I think that's one of the things that particularly hits the right spot for me with the show: the fact that for all of the grand political scope, these events are the direct results of characters' choices playing out over time.

It's a shame, really, that this show is so uneven, because the good parts are so very good, and it's easy enough to imagine how brilliant the same story in the hands of a more well-rounded writing staff and more capable actors might have been.

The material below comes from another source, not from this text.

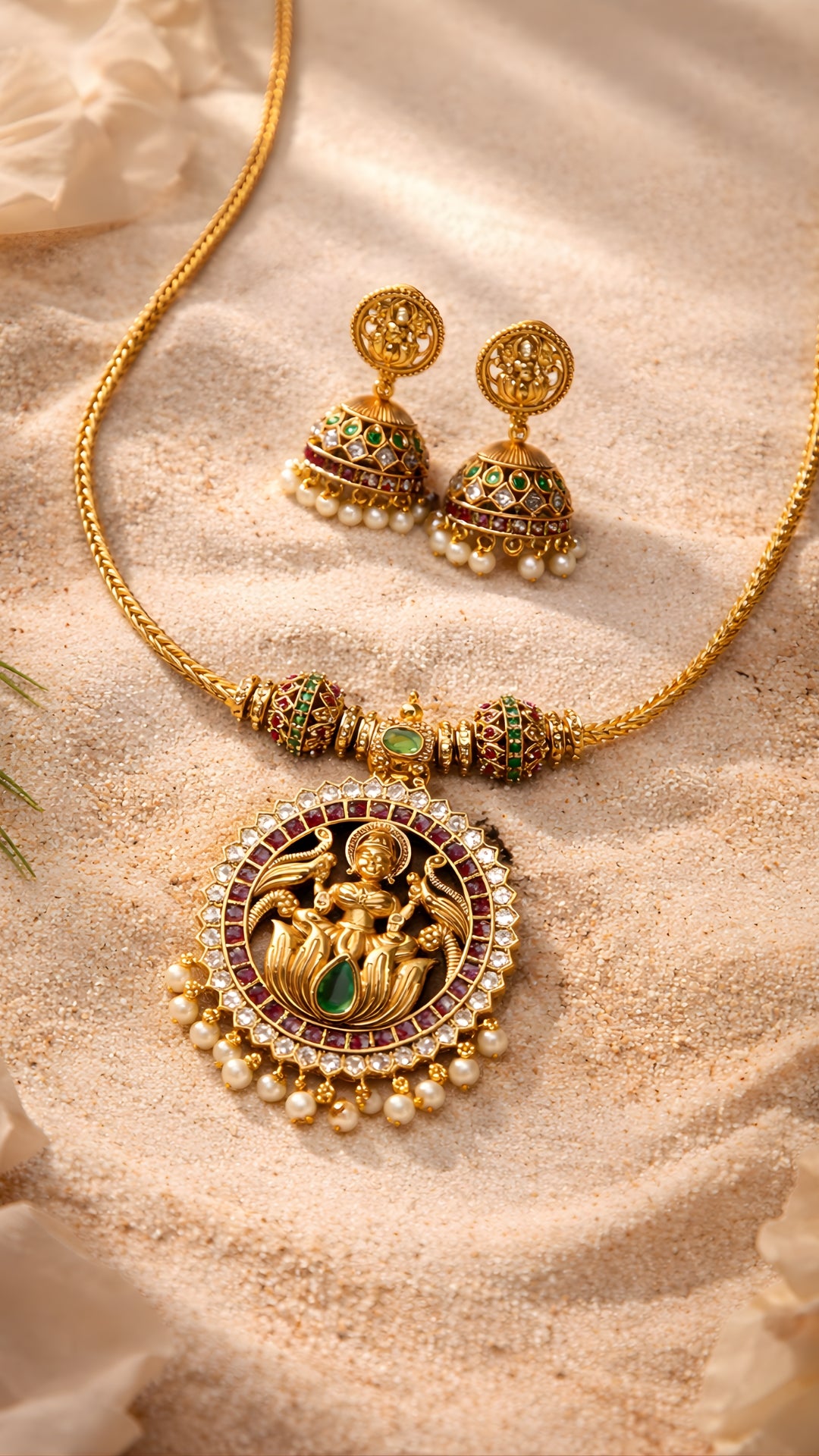 Rooted in tradition, the Devika Set from our Treasure Collection is a divine expression of South Indian artistry. This temple-style...

Yeah, subtlety is definitely not one of JMS's strong suits, and he never passes up the opportunity to use a cliche. (Watching with cofax7 is particularly hilarious because she calls out half the dialogue before the characters say it; she has an excellent nose for predictable cliche.) I've been mulling over why the non-human characters seem to work better than the human ones do, and part of that is definitely the acting, but I also think the characters work best when their place in the arc is unified with their personality traits. So Londo the conflicted Rasputin, G'Kar the noble rebel, and Delenn the peacemaker come across as relatively well-realized, while Sheridan is patchy (he doesn't quite click in either military leader or Leader of Light roles) and Stephen, who has to be Generic Technological Problem-Solving Guy but doesn't really have a place in that arc, doesn't work at all. Garibaldi and Ivanova don't have a huge place in the arc either, but they have extremely well-defined roles on the station to ground them; for all of Michael O'Hare's awful non-acting, Sinclair also had a very sharply defined part in the arc.

I'm looking forward to season 3 too! Especially because I'm hoping that the DVD menus don't feature the characters morphing into one another. That's deeply creepy.